One in particular that I remember was Peter Lynch, the legendary(?) manager of the Fidelity Magellan fund. A question that I always seemed to be asked in those days was: “how do you explain Peter Lynch.” The esteemed Mr. Lynch it seems had managed with his fund to have surpassed the S&P 500 in ten of the preceding eleven years. A very nice record indeed. I had a very simple reply: “he was lucky.” Now that’s not sour grapes. The record is what it is and it speaks for itself. However, when one looks at the landscape of mutual funds in those days, statistically there should have been three funds that were able to deliver that record. In other words, given the number of funds out there at the beginning of the measured period, one would have expected three to have achieved this result. Moreover, if it were really skill that was involved, then Lynch, after he left Magellan should have been able to continue delivering superior results (his best timing move ever because he left at the top and subsequent managers using the same strategy were never able to deliver similar results thereafter). The historical reality was that he left the fund and became an editor of Worth Magazine where he provided his monthly stock picks — none of which were ever able to perform as his picks had in the past. Fleeting fame and glory!

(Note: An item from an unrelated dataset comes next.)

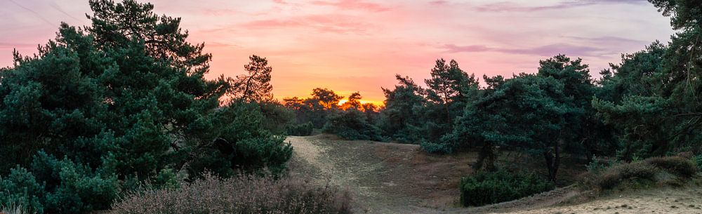 Panorama during a beautiful sunrise at nature reserve 'Boshuizerbergen' (Venray, Netherlands). This is a panorama of 5 single shots and shows all the characteristics of nature reserve 'Boshuizerbergen': forest, shifting sand(dunes), juniper thickets, heather and then there is also the railway line between Venlo and Nijmegen.

Moreover, chasing his performance proved to be a futile endeavor. The reality was that at the start of his run (wouldn’t you liked to have been there for the full ride?) there were only a little over 7,000 investors. When he left, they numbered in the hundreds of thousands. Very few — particularly those who remained after he left — actually earned the record returns he had made. A not uncommon phenomenon among investors.

Another shooting star — one that I remember from a PBS news program about what was going on during the dot com/technology bubble — while it was going on so that it actually helped to promote the expansion of the bubble — was one Garret Von Waggoner. This gentleman was the true guru of the technology boom. My goodness, he grew 291% in 1999. Who wouldn’t have wanted to hitch their wagon to his star? A $10,000 investment in 1997 would have grown to $45,000 by March of 2000. Of course, very few were there at the start and most came on board later during his run. So how did investors do?

They lost 21% in 2000; almost 60% in 2001 and 65% in 2002. That $45,000 amassed by 2000 would have dwindled to $3,300 by the end of September 2002. By 2010, his fund, was now named the Embarcadaro Absolute Return Fund and any investor who had the stomach to hang on for the full thirteen year ride would be sitting with just $1,900 to show for both their patience and his supposed skill! Yet, he was touted as the second coming of Peter Lynch at the time.

Another “Legendary Investor” that comes to mind is Bill Miller. He gained, as the press described it, “rock star status” running his fund for Legg-Mason. The fund beat the S&P for fifteen consecutive years from 1991 (take that Peter Lynch). Morningstar named him not only a manager of the year, but manager of the decade.

Subsequently, in later years and in particular 2007 – 2008, his fund fell 55% when the S&P fell 37%. He had bought into housing stocks and financials at exactly the wrong time! He then stepped down from the fund. Subsequently he made a comeback with a different Legg-Mason fund in 2012 & 2013. The fund’s performance has suffered since then. Morningstar’s “manager of the decade” was now the recipient of only one star (their lowest rating). This year, so far, the fund is down 8.5% versus a gain of 7.88% for the S&P 500. A spokesperson now advises: “The fund had a significant struggle this year… The market got concerned about economic weakness and we saw a massive selloff in cyclical stocks.” Well, duh, what happened to the revered prescience of this “rock star?” Miller, of course, providing the reason for the article, has stepped down.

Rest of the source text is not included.